Премьер-министр в раздумьях встала с бархатного кресла и подошла к парапету крыши. Слева, словно второе светило, сиял громадный купол Исаакиевского собора.

– Послушайте, Евфимий Петрович, а если пойти совсем другим путем? Отбросим ваши убогие варианты. Может, вернем богослужения в программу Смольного? А что? Снова введем молитвы, исповеди, пригласим священника. Как при Марии Федоровне. Патриарх Доброжир будет счастлив. А мамаши сами не захотят отправлять в такое устаревшее религиозное заведение своих драгоценных сыночков.

– Оригинальное решение, Мелисса Карловна, – признал министр, поправляя очочки. – Но это будет противоречить Указу Его Императорского Величества Алексея Николаевича об отмене обязательного православия для детей. Общественность нас, опять же, не поймет.

– Вы правы, дружочек Евфимий Петрович, вы безусловно правы…

Мелисса прикоснулась к холодной сильной руке Юпитера и посмотрела вниз, на растрескавшуюся Неву. Река вскроется совсем-совсем скоро, высвободив колоссальную, неудержимую энергию.

Вдруг премьер-министру пришла в голову одна идея.
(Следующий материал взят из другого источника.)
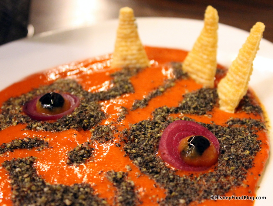 Wow. WOW. Not only does this Darth Maul-themed dish look amazing, the chickpea and lemon hummus was topped with a roasted red pepper coulis which provided not only the base of the “face,” but it also delivered just the right amount of heat, with the black sesame dust creating Darth Maul’s signature tattoos adding a bit of unexpected texture.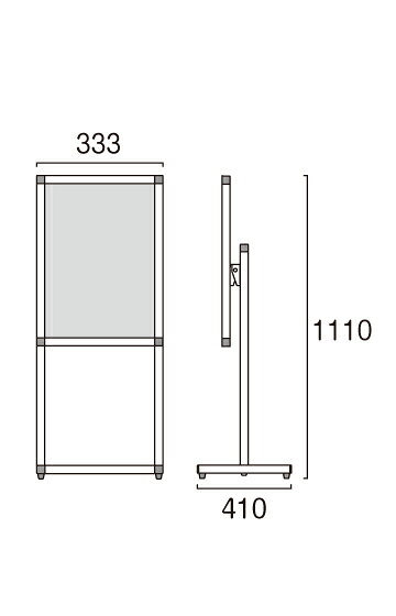 ●パネルフレーム=アルミ押し出し材/アルマイト仕上げ (シルバー) ●本体ポール部=アルミ押し出し材/アルマイト仕上げ (シルバー) ●脚部=縦パイプ/アルミ押し出し材/アルマイト仕上げ(シルバー) 横パイプ=ステンレスパイプ #400 ●コーナー=樹脂 ●面板=アルミ複合板(白)3mm厚 ●表面カバー=アクリル(透明)1.5mm厚 ●面板有効サイズ=W281mm×H404mm ●対応メディアサイズ=A3(W297mm×H420mm) ※受注生産品となります。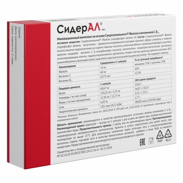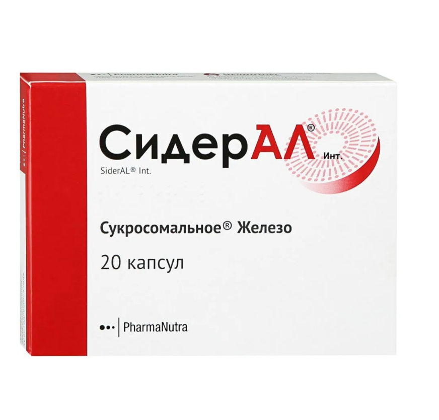 СидерАЛ® Инт (Sideral) – биологически активная добавка к пище, разработанная на основе сукросомального железа, который представляет собой инновационный легкоусвояемый источник железа в сукросомах (липосомах). Сукросомы – фосфолипидные микросферы, служащие для полноценного усвоения железа, которое всасывается напрямую из кишечника, не повреждая желудок и слизистую кишечника. Запатентованная сукросомальная технология позволяет избежать побочных эффектов, распространенных при приеме препаратов железа: изжоги, раздражения кишечника, расстройства стула (запор, понос), окрашивания слизистой оболочки ротовой полости и эмали зубов.

Черт побери, она не случайно стала лидером «Вольнодумцев» – одной из двух главных российских партий.

– Ну, милый друг Евфимий Петрович, – развернулась Мелисса к министру, – готовьтесь прыгать и кричать «эврика». Я подарю вам точку опоры, которая перевернет весь мир этих орущих мамаш и хнычущих мамочек.

– А?

– Вот вам и «а», и «б», и «в». У нас, кажется, здание Академической гимназии на набережной Тучкова до сих пор так и пустует?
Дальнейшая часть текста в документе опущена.